▶ Task instructions:
Go through the data and copy every line exactly, but not the images.

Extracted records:
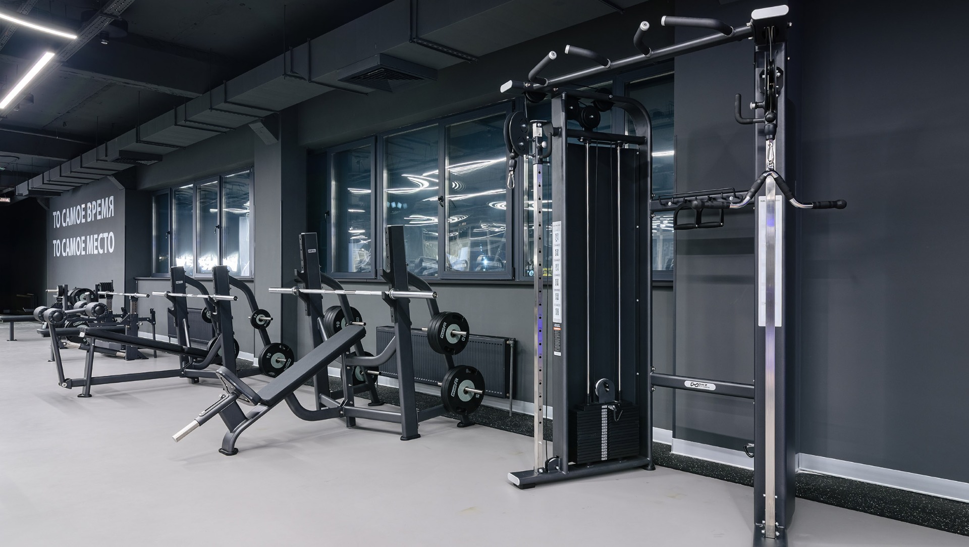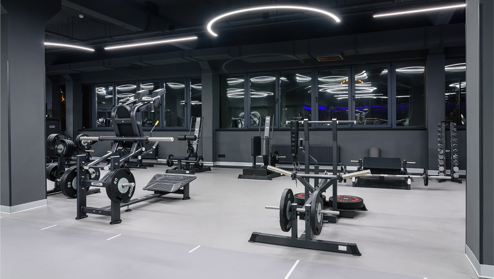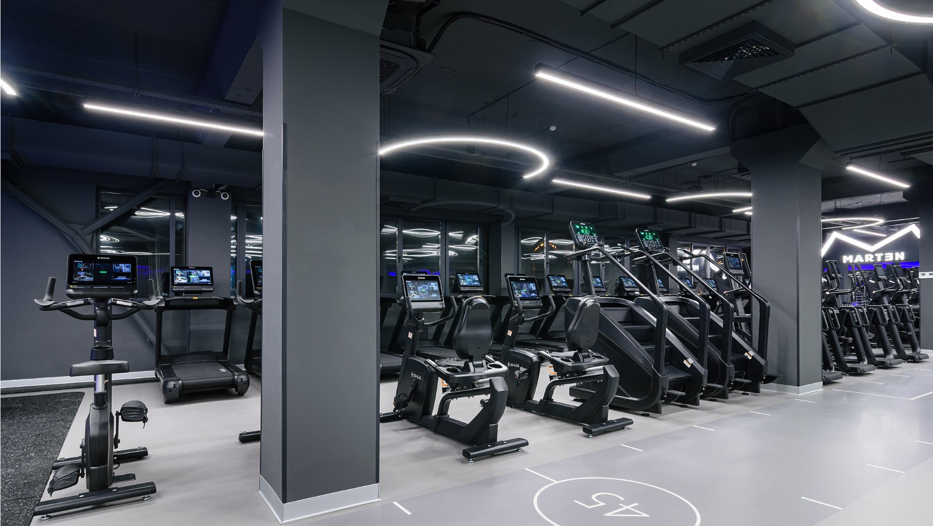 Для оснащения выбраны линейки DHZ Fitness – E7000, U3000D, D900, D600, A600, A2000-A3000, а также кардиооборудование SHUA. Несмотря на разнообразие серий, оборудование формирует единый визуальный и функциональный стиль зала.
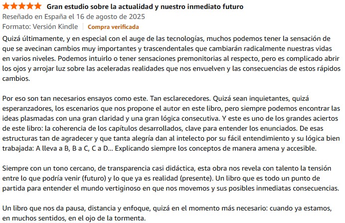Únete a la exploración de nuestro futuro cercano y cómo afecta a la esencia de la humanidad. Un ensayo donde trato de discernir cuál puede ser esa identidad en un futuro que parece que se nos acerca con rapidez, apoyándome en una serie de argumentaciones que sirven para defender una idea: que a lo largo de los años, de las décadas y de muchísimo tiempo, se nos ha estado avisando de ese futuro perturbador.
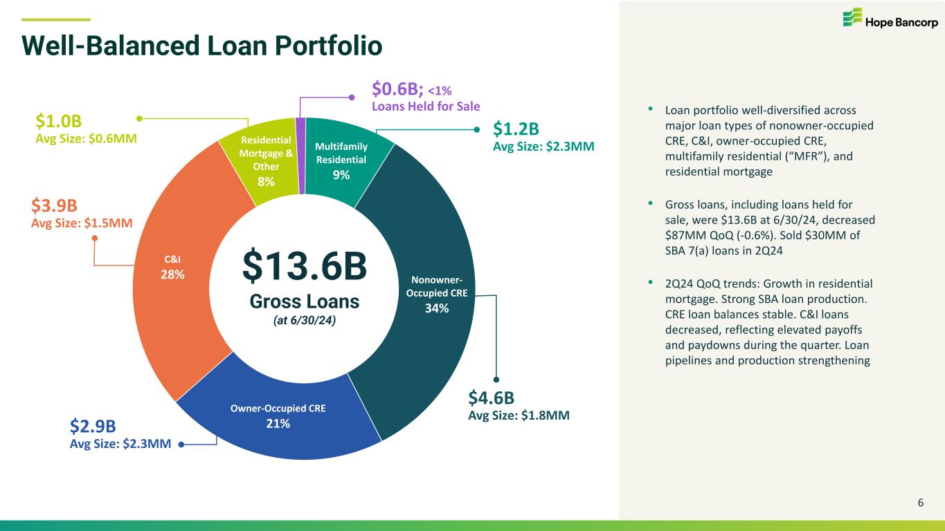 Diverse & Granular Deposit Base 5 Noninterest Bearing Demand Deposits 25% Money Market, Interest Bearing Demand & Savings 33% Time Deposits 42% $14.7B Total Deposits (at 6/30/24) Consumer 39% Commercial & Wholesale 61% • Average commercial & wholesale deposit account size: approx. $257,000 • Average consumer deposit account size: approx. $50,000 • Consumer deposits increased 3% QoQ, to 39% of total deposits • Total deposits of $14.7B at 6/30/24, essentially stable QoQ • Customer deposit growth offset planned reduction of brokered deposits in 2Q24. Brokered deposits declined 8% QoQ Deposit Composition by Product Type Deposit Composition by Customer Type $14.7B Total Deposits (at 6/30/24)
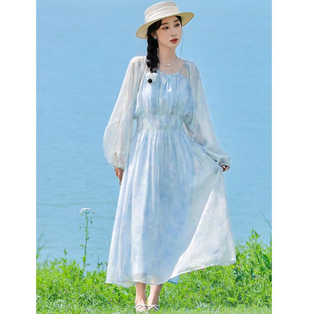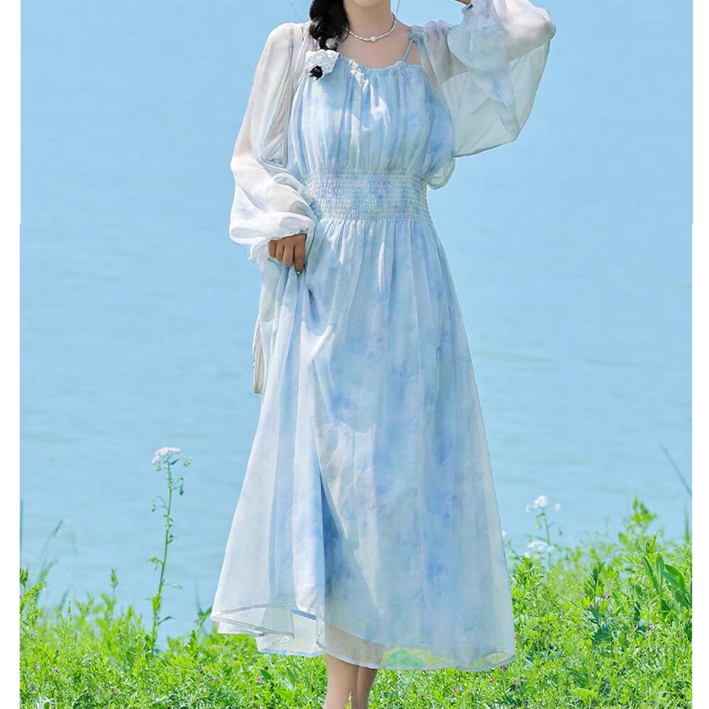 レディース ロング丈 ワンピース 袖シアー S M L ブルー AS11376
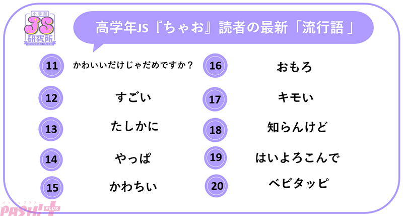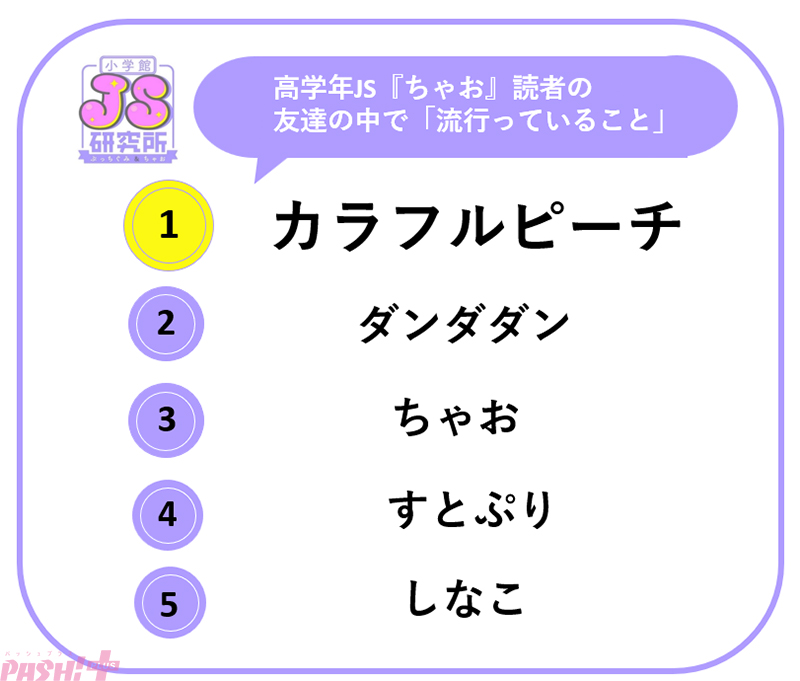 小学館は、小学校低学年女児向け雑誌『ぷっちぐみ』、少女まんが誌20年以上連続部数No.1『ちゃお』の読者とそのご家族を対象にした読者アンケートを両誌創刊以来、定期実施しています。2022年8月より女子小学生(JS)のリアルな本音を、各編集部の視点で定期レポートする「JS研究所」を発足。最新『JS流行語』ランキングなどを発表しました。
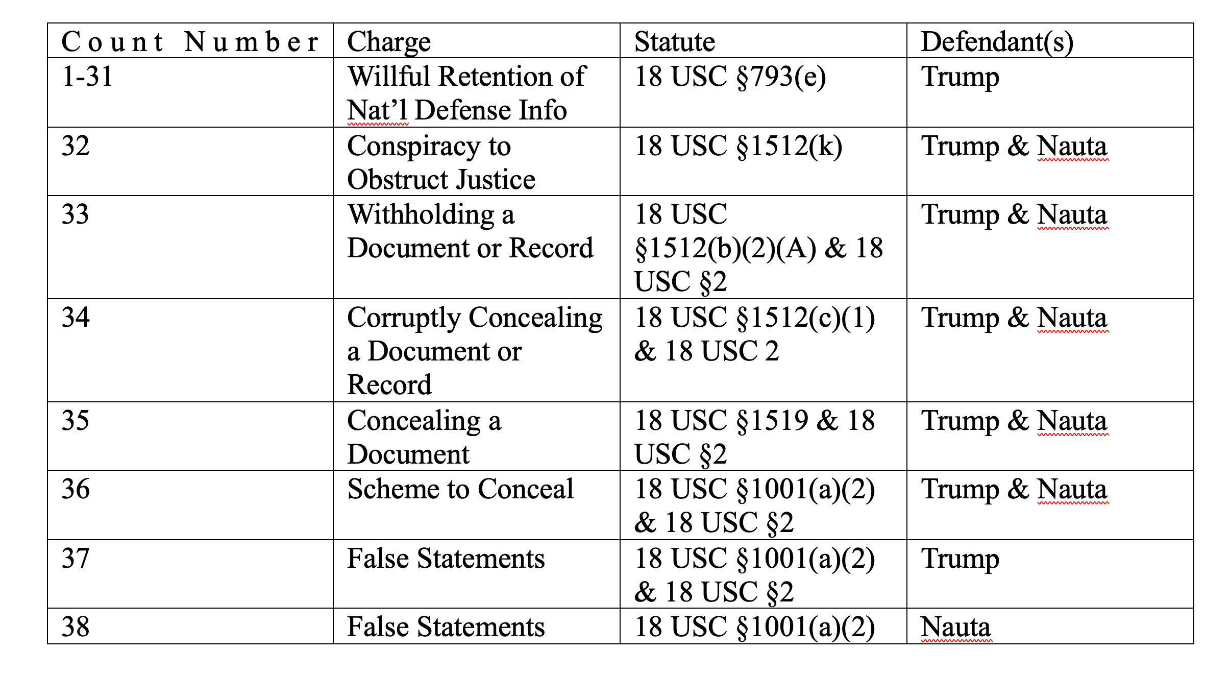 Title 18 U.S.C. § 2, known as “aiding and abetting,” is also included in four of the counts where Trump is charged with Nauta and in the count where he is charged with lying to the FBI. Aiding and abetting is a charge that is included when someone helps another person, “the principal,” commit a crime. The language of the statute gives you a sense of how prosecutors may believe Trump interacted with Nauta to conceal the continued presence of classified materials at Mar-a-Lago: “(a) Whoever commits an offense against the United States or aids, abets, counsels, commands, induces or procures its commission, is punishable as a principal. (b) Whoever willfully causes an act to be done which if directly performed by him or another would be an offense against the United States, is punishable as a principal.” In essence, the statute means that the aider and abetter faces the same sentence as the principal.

▶ Exercise answer:
 Для оснащения выбраны линейки DHZ Fitness – E7000, U3000D, D900, D600, A600, A2000-A3000, а также кардиооборудование SHUA. Несмотря на разнообразие серий, оборудование формирует единый визуальный и функциональный стиль зала.
Únete a la exploración de nuestro futuro cercano y cómo afecta a la esencia de la humanidad. Un ensayo donde trato de discernir cuál puede ser esa identidad en un futuro que parece que se nos acerca con rapidez, apoyándome en una serie de argumentaciones que sirven para defender una idea: que a lo largo de los años, de las décadas y de muchísimo tiempo, se nos ha estado avisando de ese futuro perturbador.
 Diverse & Granular Deposit Base 5 Noninterest Bearing Demand Deposits 25% Money Market, Interest Bearing Demand & Savings 33% Time Deposits 42% $14.7B Total Deposits (at 6/30/24) Consumer 39% Commercial & Wholesale 61% • Average commercial & wholesale deposit account size: approx. $257,000 • Average consumer deposit account size: approx. $50,000 • Consumer deposits increased 3% QoQ, to 39% of total deposits • Total deposits of $14.7B at 6/30/24, essentially stable QoQ • Customer deposit growth offset planned reduction of brokered deposits in 2Q24. Brokered deposits declined 8% QoQ Deposit Composition by Product Type Deposit Composition by Customer Type $14.7B Total Deposits (at 6/30/24)
 レディース ロング丈 ワンピース 袖シアー S M L ブルー AS11376
 小学館は、小学校低学年女児向け雑誌『ぷっちぐみ』、少女まんが誌20年以上連続部数No.1『ちゃお』の読者とそのご家族を対象にした読者アンケートを両誌創刊以来、定期実施しています。2022年8月より女子小学生(JS)のリアルな本音を、各編集部の視点で定期レポートする「JS研究所」を発足。最新『JS流行語』ランキングなどを発表しました。
 Title 18 U.S.C. § 2, known as “aiding and abetting,” is also included in four of the counts where Trump is charged with Nauta and in the count where he is charged with lying to the FBI. Aiding and abetting is a charge that is included when someone helps another person, “the principal,” commit a crime. The language of the statute gives you a sense of how prosecutors may believe Trump interacted with Nauta to conceal the continued presence of classified materials at Mar-a-Lago: “(a) Whoever commits an offense against the United States or aids, abets, counsels, commands, induces or procures its commission, is punishable as a principal. (b) Whoever willfully causes an act to be done which if directly performed by him or another would be an offense against the United States, is punishable as a principal.” In essence, the statute means that the aider and abetter faces the same sentence as the principal.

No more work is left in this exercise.